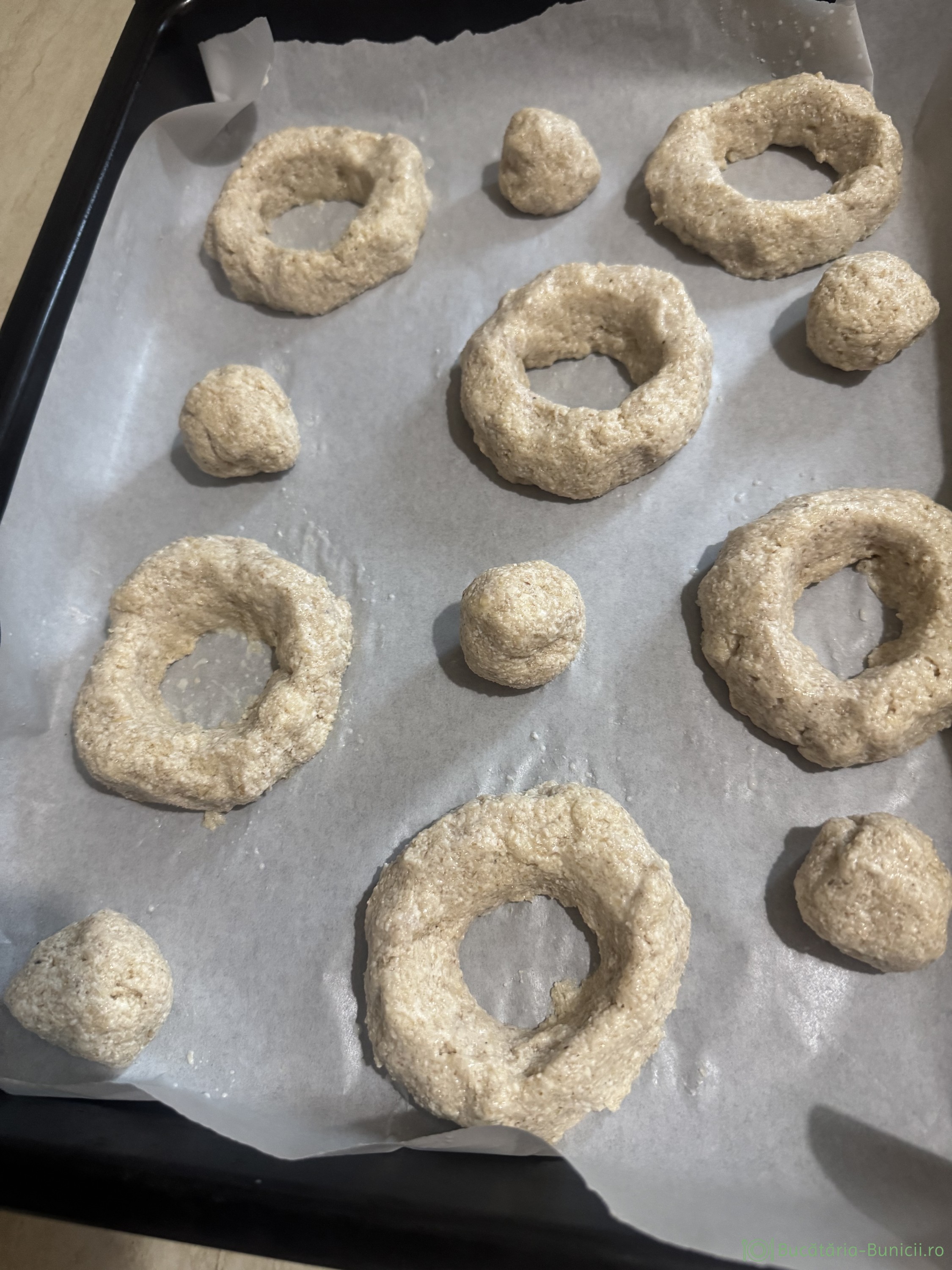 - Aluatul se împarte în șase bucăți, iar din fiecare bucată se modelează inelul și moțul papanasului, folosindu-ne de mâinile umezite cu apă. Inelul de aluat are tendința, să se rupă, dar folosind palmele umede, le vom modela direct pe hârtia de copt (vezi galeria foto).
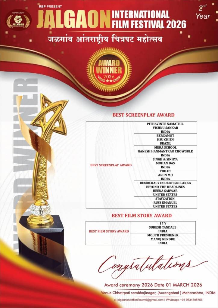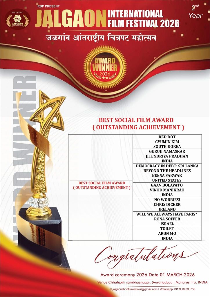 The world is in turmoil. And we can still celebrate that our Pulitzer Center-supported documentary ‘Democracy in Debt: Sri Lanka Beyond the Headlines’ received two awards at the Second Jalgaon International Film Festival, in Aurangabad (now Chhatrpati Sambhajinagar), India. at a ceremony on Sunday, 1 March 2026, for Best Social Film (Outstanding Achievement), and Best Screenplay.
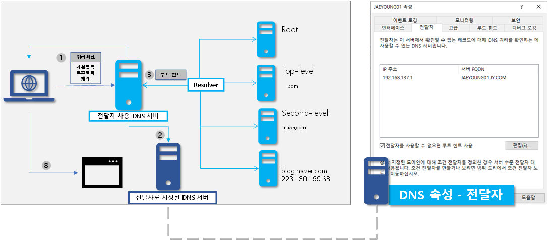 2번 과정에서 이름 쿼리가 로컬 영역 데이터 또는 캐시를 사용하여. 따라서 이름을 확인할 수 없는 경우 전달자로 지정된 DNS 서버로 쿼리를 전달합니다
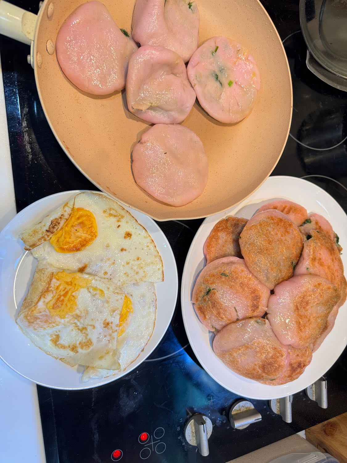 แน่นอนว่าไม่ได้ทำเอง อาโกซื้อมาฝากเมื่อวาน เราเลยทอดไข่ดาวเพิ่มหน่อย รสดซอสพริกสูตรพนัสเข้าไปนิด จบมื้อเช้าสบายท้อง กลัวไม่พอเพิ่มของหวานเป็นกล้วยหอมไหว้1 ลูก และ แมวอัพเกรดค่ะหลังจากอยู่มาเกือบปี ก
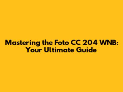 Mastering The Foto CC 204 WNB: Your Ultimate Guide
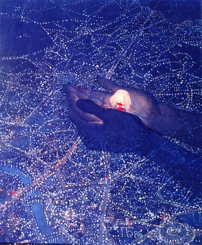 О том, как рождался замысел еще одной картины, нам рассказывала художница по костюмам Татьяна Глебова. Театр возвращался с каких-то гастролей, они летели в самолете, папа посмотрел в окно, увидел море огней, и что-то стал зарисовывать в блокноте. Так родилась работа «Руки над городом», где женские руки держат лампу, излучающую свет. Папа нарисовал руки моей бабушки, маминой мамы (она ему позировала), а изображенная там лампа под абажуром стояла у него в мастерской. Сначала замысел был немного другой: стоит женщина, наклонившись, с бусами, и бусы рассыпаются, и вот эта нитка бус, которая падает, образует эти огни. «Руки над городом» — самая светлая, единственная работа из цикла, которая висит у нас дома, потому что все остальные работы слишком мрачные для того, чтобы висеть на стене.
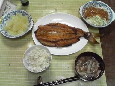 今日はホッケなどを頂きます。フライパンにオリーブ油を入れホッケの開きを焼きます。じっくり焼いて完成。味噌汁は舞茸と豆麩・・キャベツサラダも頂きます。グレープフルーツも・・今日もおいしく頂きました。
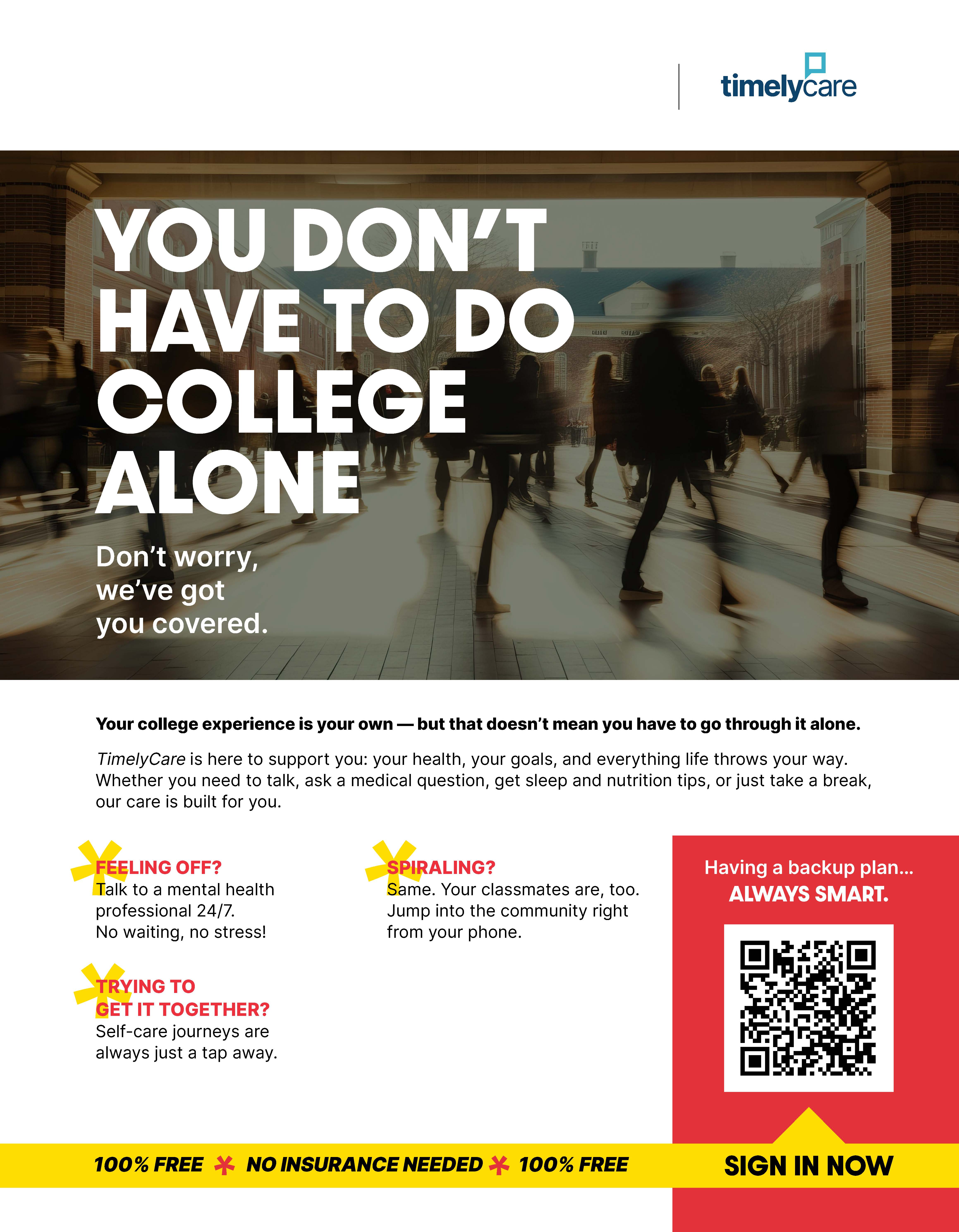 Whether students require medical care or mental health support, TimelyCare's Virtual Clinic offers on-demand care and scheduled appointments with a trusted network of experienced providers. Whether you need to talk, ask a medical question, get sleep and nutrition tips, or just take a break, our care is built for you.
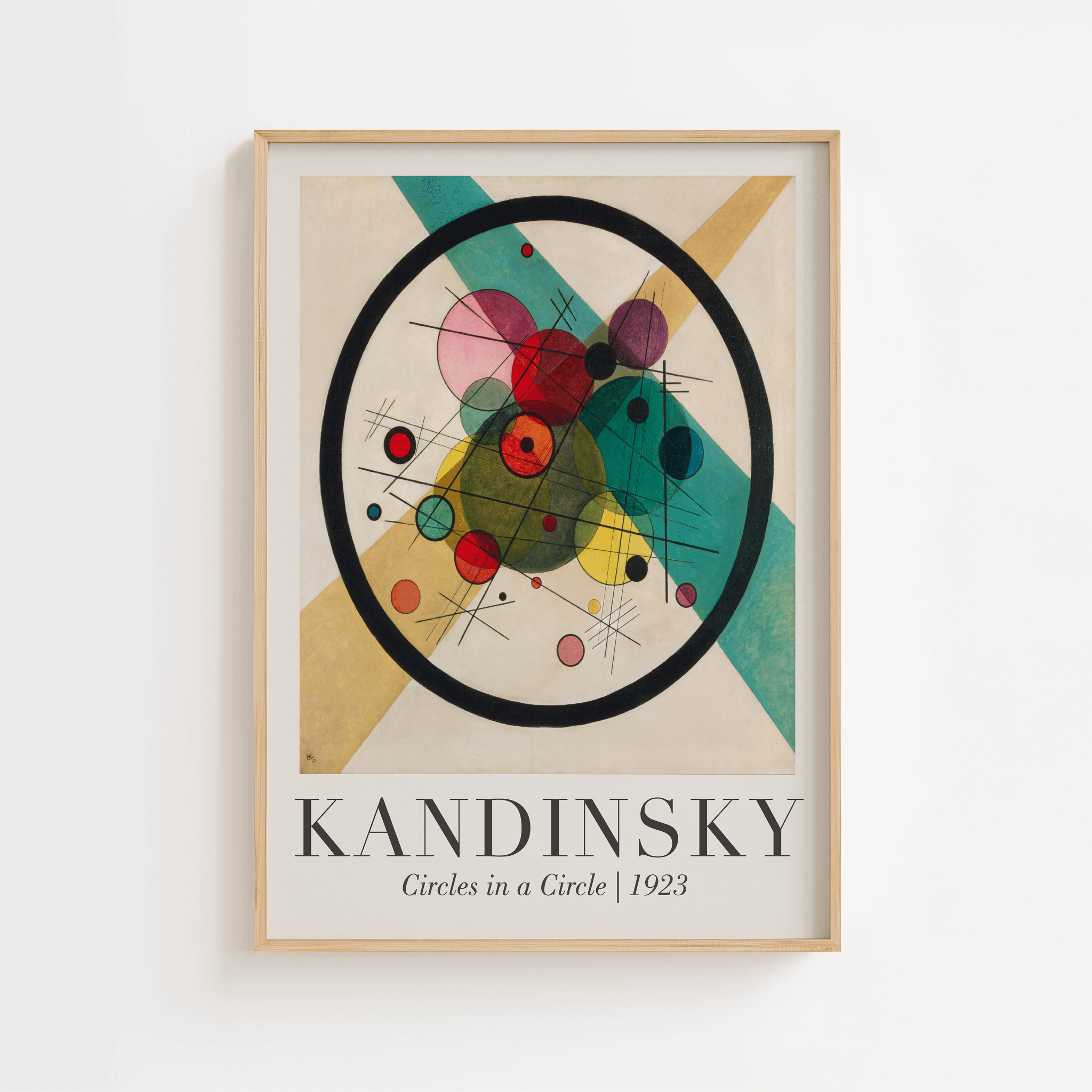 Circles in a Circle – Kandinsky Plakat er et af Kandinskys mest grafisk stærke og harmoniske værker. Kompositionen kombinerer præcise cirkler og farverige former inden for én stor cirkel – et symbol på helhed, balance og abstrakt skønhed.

| Task item |
Would you retype every line shown above exactly, leaving the pictures aside?

| Response to this exercise |
 - Aluatul se împarte în șase bucăți, iar din fiecare bucată se modelează inelul și moțul papanasului, folosindu-ne de mâinile umezite cu apă. Inelul de aluat are tendința, să se rupă, dar folosind palmele umede, le vom modela direct pe hârtia de copt (vezi galeria foto).
 The world is in turmoil. And we can still celebrate that our Pulitzer Center-supported documentary ‘Democracy in Debt: Sri Lanka Beyond the Headlines’ received two awards at the Second Jalgaon International Film Festival, in Aurangabad (now Chhatrpati Sambhajinagar), India. at a ceremony on Sunday, 1 March 2026, for Best Social Film (Outstanding Achievement), and Best Screenplay.
 2번 과정에서 이름 쿼리가 로컬 영역 데이터 또는 캐시를 사용하여. 따라서 이름을 확인할 수 없는 경우 전달자로 지정된 DNS 서버로 쿼리를 전달합니다
 แน่นอนว่าไม่ได้ทำเอง อาโกซื้อมาฝากเมื่อวาน เราเลยทอดไข่ดาวเพิ่มหน่อย รสดซอสพริกสูตรพนัสเข้าไปนิด จบมื้อเช้าสบายท้อง กลัวไม่พอเพิ่มของหวานเป็นกล้วยหอมไหว้1 ลูก และ แมวอัพเกรดค่ะหลังจากอยู่มาเกือบปี ก
 Mastering The Foto CC 204 WNB: Your Ultimate Guide
 О том, как рождался замысел еще одной картины, нам рассказывала художница по костюмам Татьяна Глебова. Театр возвращался с каких-то гастролей, они летели в самолете, папа посмотрел в окно, увидел море огней, и что-то стал зарисовывать в блокноте. Так родилась работа «Руки над городом», где женские руки держат лампу, излучающую свет. Папа нарисовал руки моей бабушки, маминой мамы (она ему позировала), а изображенная там лампа под абажуром стояла у него в мастерской. Сначала замысел был немного другой: стоит женщина, наклонившись, с бусами, и бусы рассыпаются, и вот эта нитка бус, которая падает, образует эти огни. «Руки над городом» — самая светлая, единственная работа из цикла, которая висит у нас дома, потому что все остальные работы слишком мрачные для того, чтобы висеть на стене.
 今日はホッケなどを頂きます。フライパンにオリーブ油を入れホッケの開きを焼きます。じっくり焼いて完成。味噌汁は舞茸と豆麩・・キャベツサラダも頂きます。グレープフルーツも・・今日もおいしく頂きました。
 Whether students require medical care or mental health support, TimelyCare's Virtual Clinic offers on-demand care and scheduled appointments with a trusted network of experienced providers. Whether you need to talk, ask a medical question, get sleep and nutrition tips, or just take a break, our care is built for you.
 Circles in a Circle – Kandinsky Plakat er et af Kandinskys mest grafisk stærke og harmoniske værker. Kompositionen kombinerer præcise cirkler og farverige former inden for én stor cirkel – et symbol på helhed, balance og abstrakt skønhed.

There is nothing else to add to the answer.